The test scene I used to code the grid intersection test. The white box is the starting point, the blue line is the ray, the red points are intersections on the Z-axis, and the greens point are intersections on the X-axis.

Since it’s in first-person, I only needed to make sure that walls immediately in front of the camera were visible. And since the maze is generated on a grid, grid intersection made the most sense.

First, I cast a series of rays across the viewing angle of the camera like a fan, ignoring any up and down rotation. When the ray hits a wall, I convert the hit position into a grid coordinate, which I then keep in a “visible” list.

Sweeping from left to right inside the camera. Green lines indicate walls that have been detected for the first time to keep them visible.

I then use the line between the camera and the ray’s hit point to calculate where it intersects the maze grid, and calculate the visible cells along that line, adding any new cells to the “visible” list.

The walls detected by the maze culling system. Notice how some of the shadows don’t look correct.

I then expand the “visible” list to include neighboring cells. This ensures that shadows cast by walls on the opposite side don’t disappear and prevents creating light where there shouldn’t be any.

The detected walls expanded to it’s neighbours.

Any walls that aren’t detected by the rays, are turned off, or culled.

It worked for a stationary camera. But once I started moving around the maze there were holes where walls should be. This problem was especially noticeable near corners.

Some walls not being detected and culled, creating a gap in the middle.

To fix it, I modified the rays to fire from the side of the camera instead, which allows the culling system to see around the corners before the player does.

The modified ray cast to fix culling visibility around corners.

The problem still happens, but it’s less obvious.

No more gap in the walls.

With culling enabled, the amount of overdraw is significantly reduced. And because there is less to render, it also reduces the number of walls and objects that need to be rendered for shadow casting lights.

After a bit of tweaking and adjusting, I managed to increase the frame rate by 50 to 100 frames.

The overdraw image on the right now renders significantly less walls thanks to culling.
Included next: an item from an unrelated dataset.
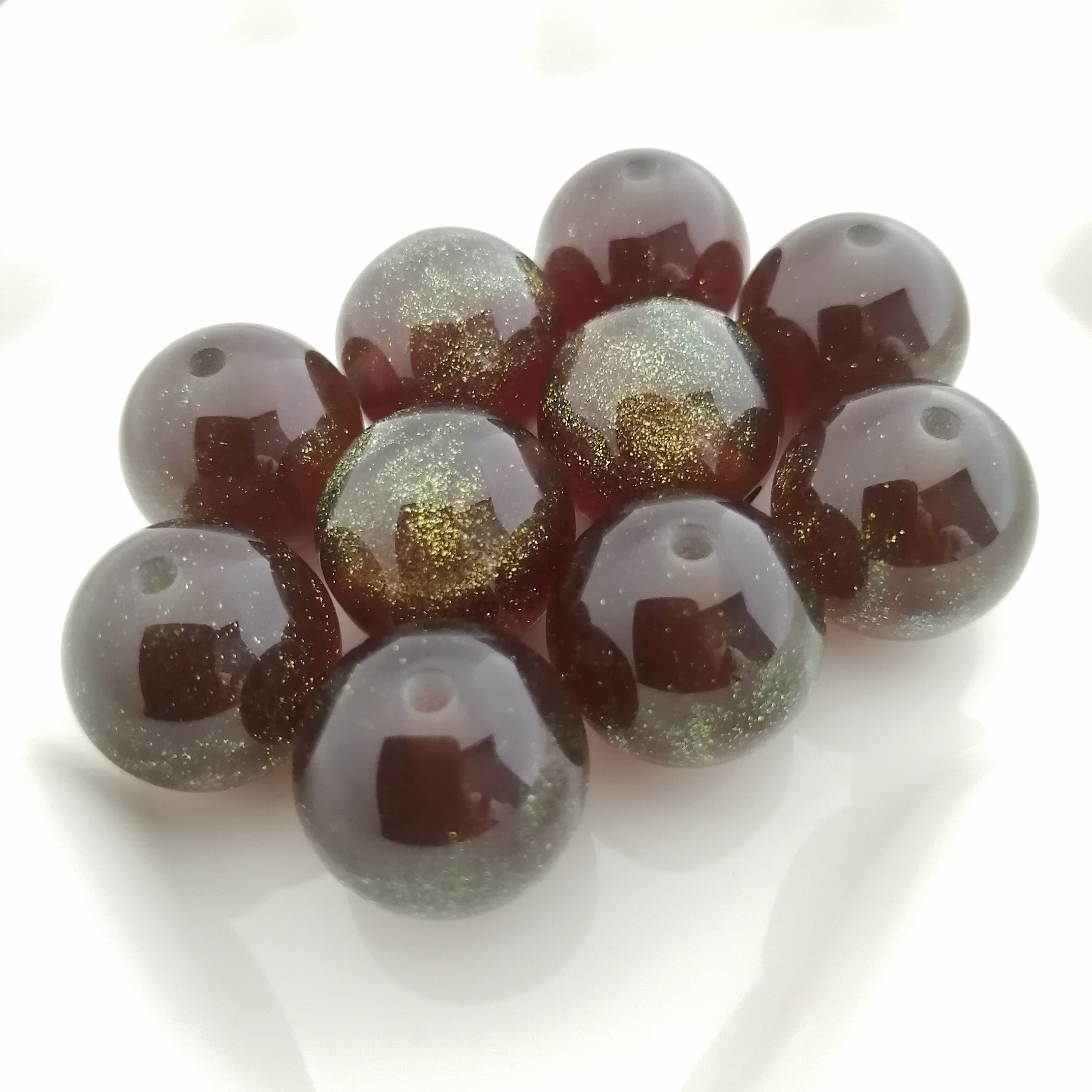 丸ビーズ レジン 黒(ラメ) 約16mm 10個 [A038]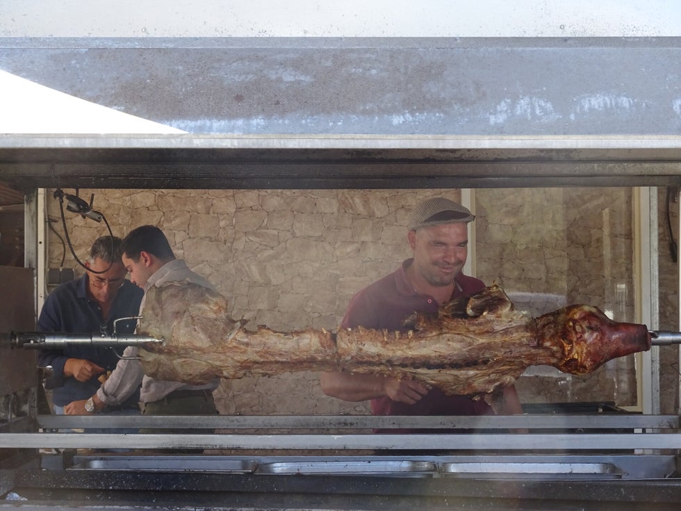 De vrijdag is voor ons altijd een bijzondere dag als we in Silves zijn. Hier in de buurt weten we een restaurant waar op de vrijdagen vlees van een varken aan het spit geserveerd wordt. We gaan er op de fiets naar toe. Over de gewone weg is het twintig kilometer, wij nemen een toeristische route. En dat viel niet mee: de wind tegen, veel hellingen omhoog en een paar keer flink de weg kwijt. Redelijk uitgeblust komen we na vijfendertig kilometer aan in het gehucht Campilhos, een eindje boven Sao Bartolomeu de Messines. Bij het Restaurant O Petisco wordt er tussen twaalf en vier uur gegeten, in twee grote eetzalen die stampvol zitten. Om half twee zijn wij aan de beurt. Helaas is dan het varken aan het spit al op. Mogelijk hadden ze vandaag een klein varkentje, of de zaak zat vol met grote eters (onbeperkt vleeseten concept). Wij krijgen een schaal met gegrilde lapjes vlees: ook lekker. Een maaltijd daar heeft een vaste prijs en bestaat uit brood en olijven, drank naar keuze (ze kijken niet op een drankje meer of minder), de hoofdmaaltijd, een nagerecht en koffie na. Het blijft een bijzondere ervaring: een Portugese maaltijd midden tussen de Portugezen. Maar na dit feest moeten we ook nog weer terug. Maar dat valt gelukkig nog enigszins mee: de wind in de rug, meer dalen dan klimmen en geen verkeerde afslagen meer. We maken nog wel een tussenstop bij een dam van een stuwmeer van de rivier Arade. Daar in een soort vallei hebben we jaren geleden al eens met de camper gestaan. Dat mag niet meer en het is nu een wat trieste kale vlakte. Om half vijf, Portugese tijd, zijn we terug bij de camper. De tellers van de fietsen staan dan op zestig kilometer. Gelukkig hebben ze op deze camperplaats goede douches.

I originally learned the raycasting technique last year in a course by Gustavo Pezzi of Pikuma called “Raycasting Programming with C”. It’s a great course that goes over creating a classic Wolfenstein-style game. If you’re interested in that kind of thing, you should check it out at

There are still a lot of improvements I’d like to make to how the maze culling works, especially since it only culls the inside of the maze. But I’m not going to worry about it too much yet.

I’m not sure what I’ll be moving on to next, but I am hoping to start finishing this little project up. So I guess my focus next will be to finish it maybe?